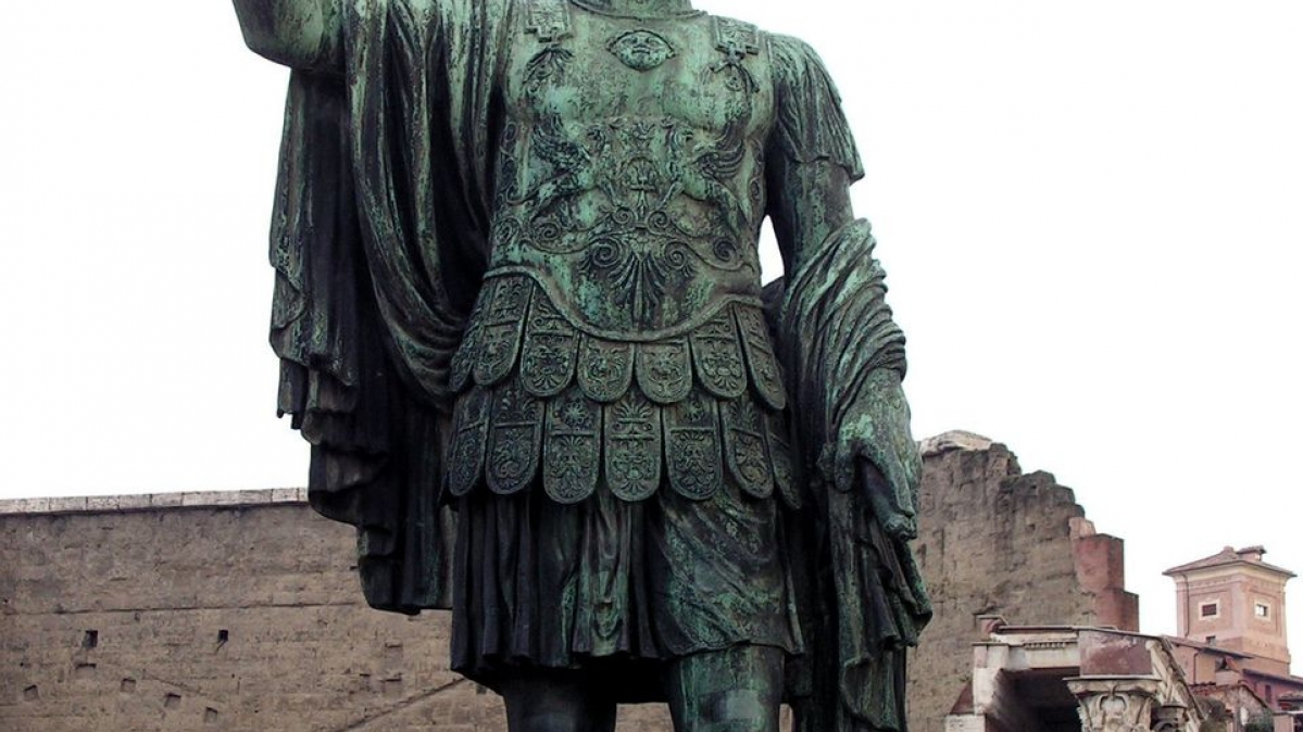 Er trat in die Fußstapfen des am 15. März 44 vor Christus ermordeten Julius Caesar und wurde Kaiser: Augustus. Seine Statue steht vor den Kaiserforen in Rom.
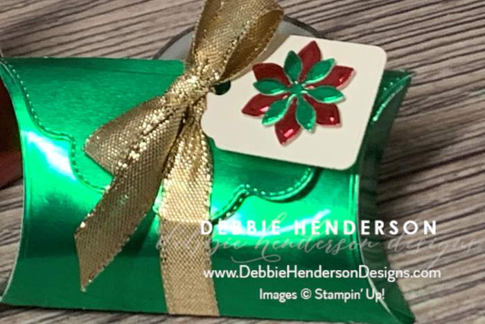 - Ribbon: Wrap the ribbon around the pillow box to keep it closed and thread the tag through before you tie the bow. Position the tag where you would like it and then tie a bow. Trim the ends of ribbon at a angle.
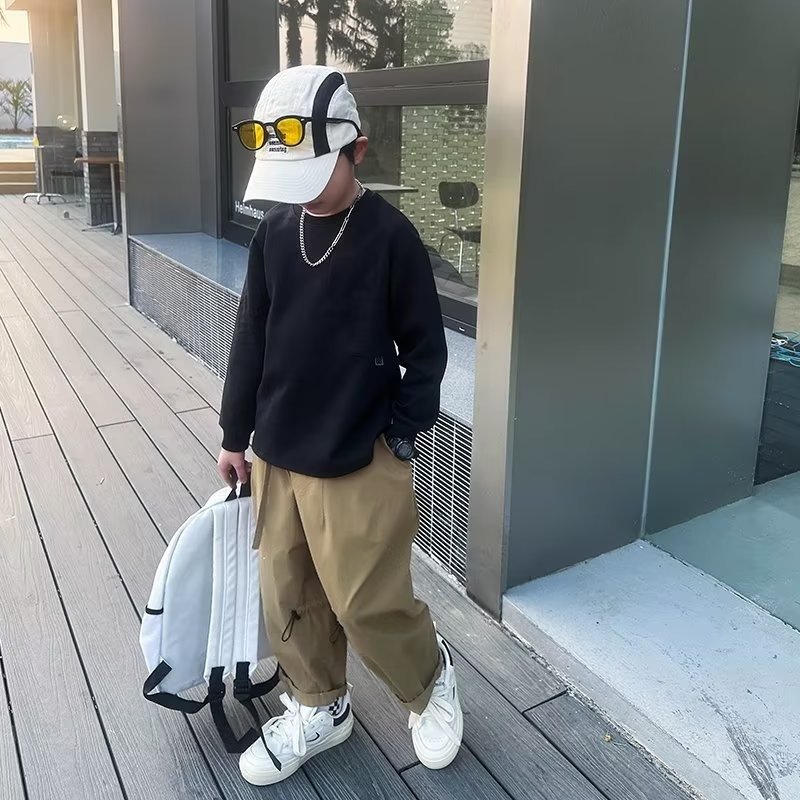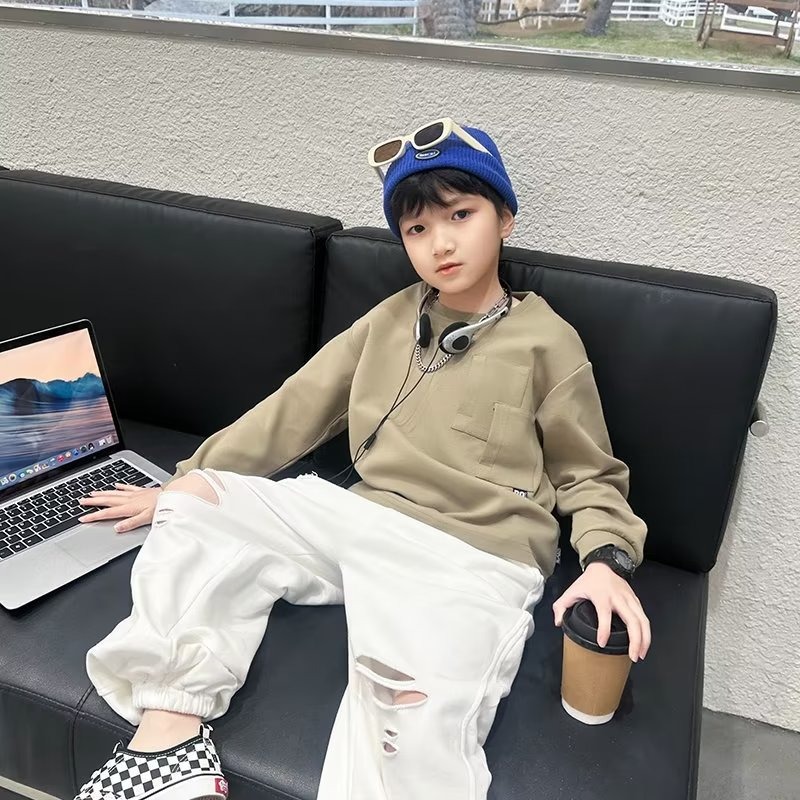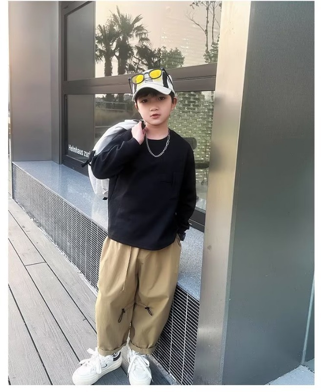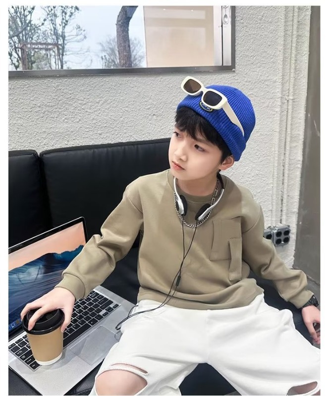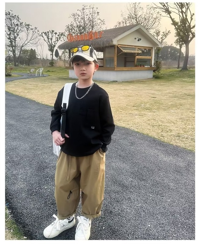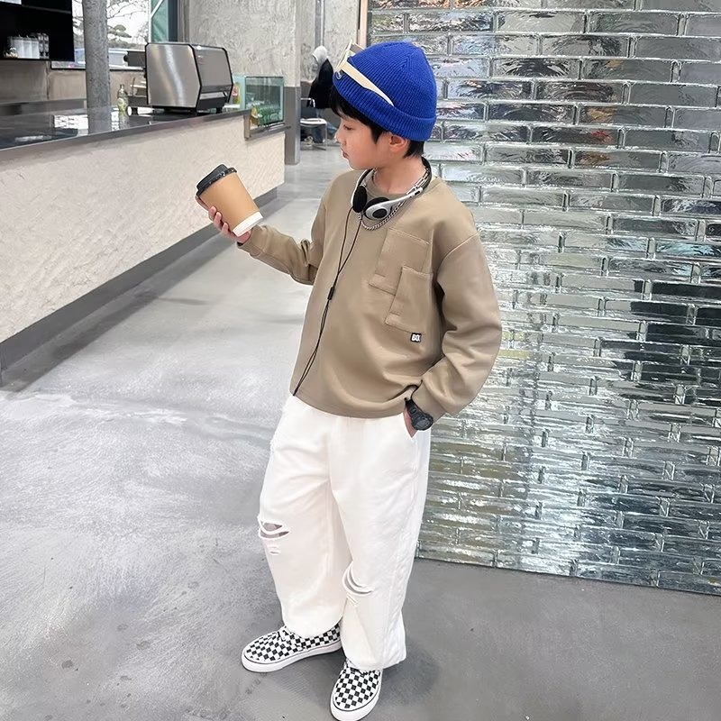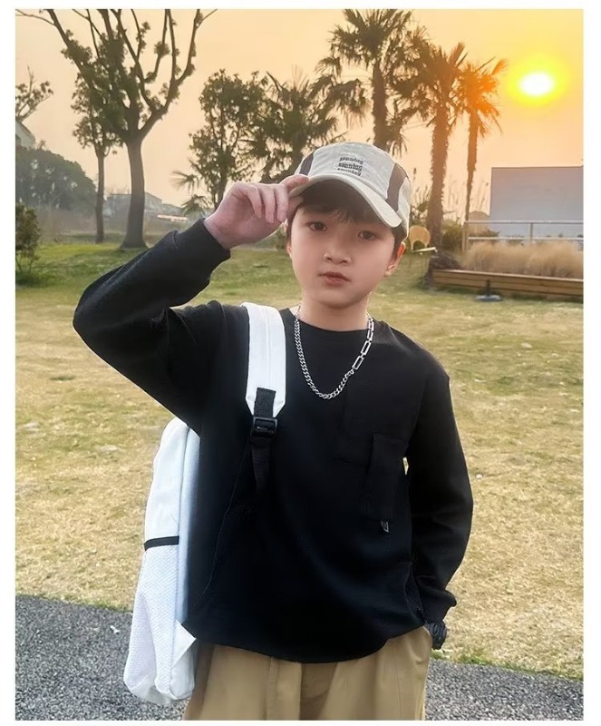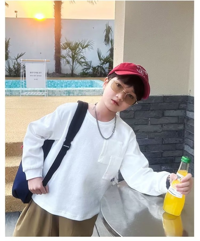 우아한 티셔츠 새로운 패션 하라주쿠 패션 일본 인스 타 그램 스타일 똑바로 게으른 둥근 목 어린이 긴 소매 봄과 가을스토어 가기
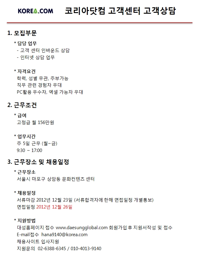 | 모집분야 | 코리아닷컴 고객센터 | 업직종 | 고객상담 | 마감일 | 2012-12-23 |
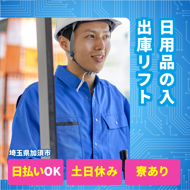 量販店向け日用品の入出庫(リーチ)、短時間~フルまで柔軟シフトOKの物流センター業務です。
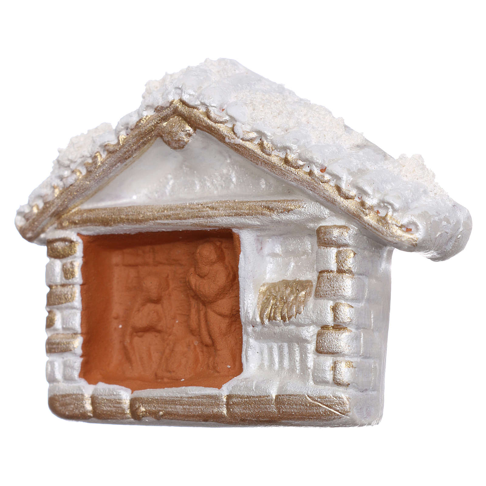 Calamita capanna bianca con finiture oro e Natività terracotta Deruta

━━━━━━━━━━━━━━━━

**TASK:** Nothing but the lines from the one containing "量販店向け日用品の入出庫(リ" through the end of the listing is to be output, and those lines are to be output exactly, pictures excluded.

**SOLUTION FOR THIS TASK:**
 量販店向け日用品の入出庫(リーチ)、短時間~フルまで柔軟シフトOKの物流センター業務です。
 Calamita capanna bianca con finiture oro e Natività terracotta Deruta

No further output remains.